Only the lines below from the one that contains "in growth markets" through the one that contains "MOHLIN Sectional, Taupe, 118" should appear in your answer, exact and without pictures.

Data excerpts
:::::
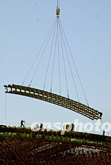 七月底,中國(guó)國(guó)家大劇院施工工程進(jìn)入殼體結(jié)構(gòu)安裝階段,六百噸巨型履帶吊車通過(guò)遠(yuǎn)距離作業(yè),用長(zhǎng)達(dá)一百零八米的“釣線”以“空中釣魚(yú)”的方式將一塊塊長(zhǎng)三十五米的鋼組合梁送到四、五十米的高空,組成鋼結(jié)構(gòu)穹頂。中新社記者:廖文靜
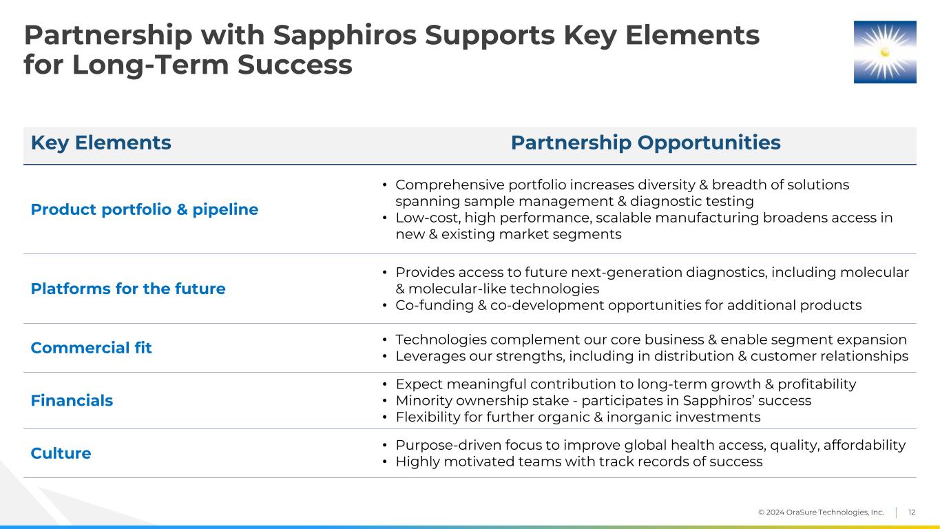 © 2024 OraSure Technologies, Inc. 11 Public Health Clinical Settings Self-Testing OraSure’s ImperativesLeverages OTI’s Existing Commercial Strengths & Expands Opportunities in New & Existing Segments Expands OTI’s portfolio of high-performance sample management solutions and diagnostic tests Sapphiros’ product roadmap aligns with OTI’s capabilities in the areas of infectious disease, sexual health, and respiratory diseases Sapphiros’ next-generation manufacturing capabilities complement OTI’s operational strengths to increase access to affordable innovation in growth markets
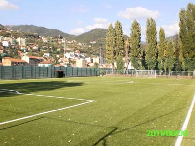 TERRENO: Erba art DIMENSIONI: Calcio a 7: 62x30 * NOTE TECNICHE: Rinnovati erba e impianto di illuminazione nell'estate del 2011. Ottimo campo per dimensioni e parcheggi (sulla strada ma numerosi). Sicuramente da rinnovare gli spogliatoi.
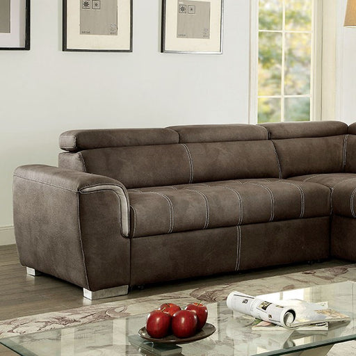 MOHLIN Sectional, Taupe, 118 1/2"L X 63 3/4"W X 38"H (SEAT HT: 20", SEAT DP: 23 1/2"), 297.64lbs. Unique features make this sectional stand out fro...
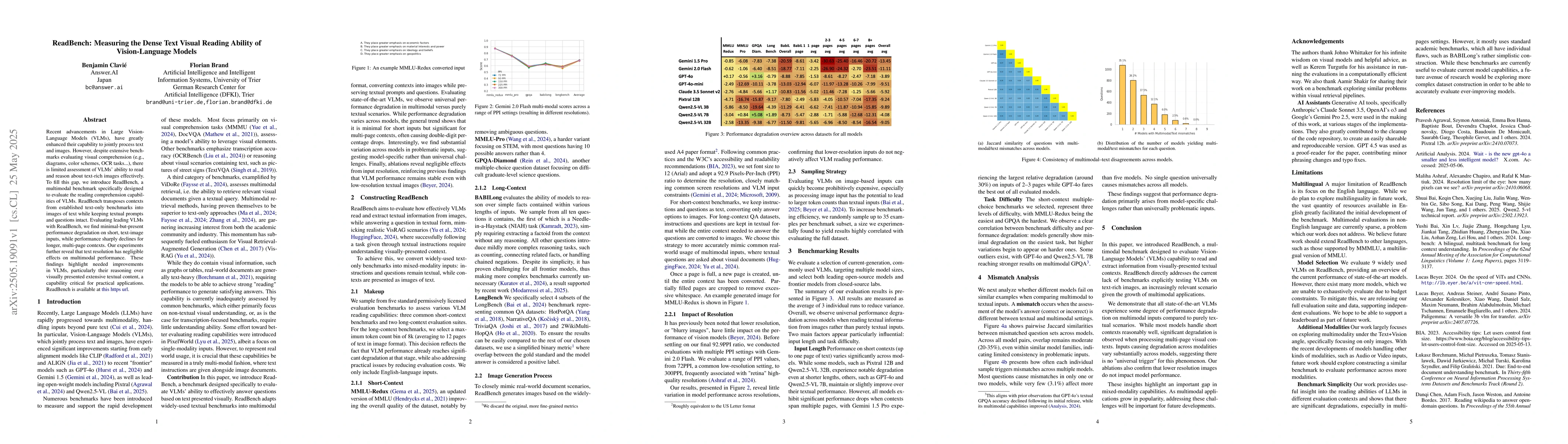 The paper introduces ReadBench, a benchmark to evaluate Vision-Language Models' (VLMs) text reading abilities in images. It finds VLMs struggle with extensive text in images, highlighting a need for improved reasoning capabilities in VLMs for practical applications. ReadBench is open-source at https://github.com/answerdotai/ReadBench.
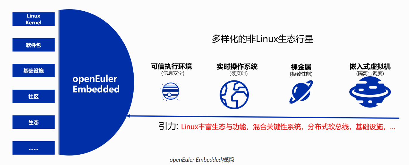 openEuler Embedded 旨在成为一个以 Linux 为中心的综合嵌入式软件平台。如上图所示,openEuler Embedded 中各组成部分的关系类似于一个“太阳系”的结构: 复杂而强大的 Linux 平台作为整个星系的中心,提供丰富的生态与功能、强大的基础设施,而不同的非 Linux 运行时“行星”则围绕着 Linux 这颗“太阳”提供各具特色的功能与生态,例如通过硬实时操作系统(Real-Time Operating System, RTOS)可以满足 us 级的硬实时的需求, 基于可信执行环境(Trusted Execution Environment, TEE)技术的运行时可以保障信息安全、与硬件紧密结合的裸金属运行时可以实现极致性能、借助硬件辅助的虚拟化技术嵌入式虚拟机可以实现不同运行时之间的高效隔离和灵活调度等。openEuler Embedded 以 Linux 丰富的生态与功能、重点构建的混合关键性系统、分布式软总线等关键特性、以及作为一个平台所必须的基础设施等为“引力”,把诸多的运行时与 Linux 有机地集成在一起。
:::::
- _PROBLEM SOLUTION_
 © 2024 OraSure Technologies, Inc. 11 Public Health Clinical Settings Self-Testing OraSure’s ImperativesLeverages OTI’s Existing Commercial Strengths & Expands Opportunities in New & Existing Segments Expands OTI’s portfolio of high-performance sample management solutions and diagnostic tests Sapphiros’ product roadmap aligns with OTI’s capabilities in the areas of infectious disease, sexual health, and respiratory diseases Sapphiros’ next-generation manufacturing capabilities complement OTI’s operational strengths to increase access to affordable innovation in growth markets
 TERRENO: Erba art DIMENSIONI: Calcio a 7: 62x30 * NOTE TECNICHE: Rinnovati erba e impianto di illuminazione nell'estate del 2011. Ottimo campo per dimensioni e parcheggi (sulla strada ma numerosi). Sicuramente da rinnovare gli spogliatoi.
 MOHLIN Sectional, Taupe, 118 1/2"L X 63 3/4"W X 38"H (SEAT HT: 20", SEAT DP: 23 1/2"), 297.64lbs. Unique features make this sectional stand out fro...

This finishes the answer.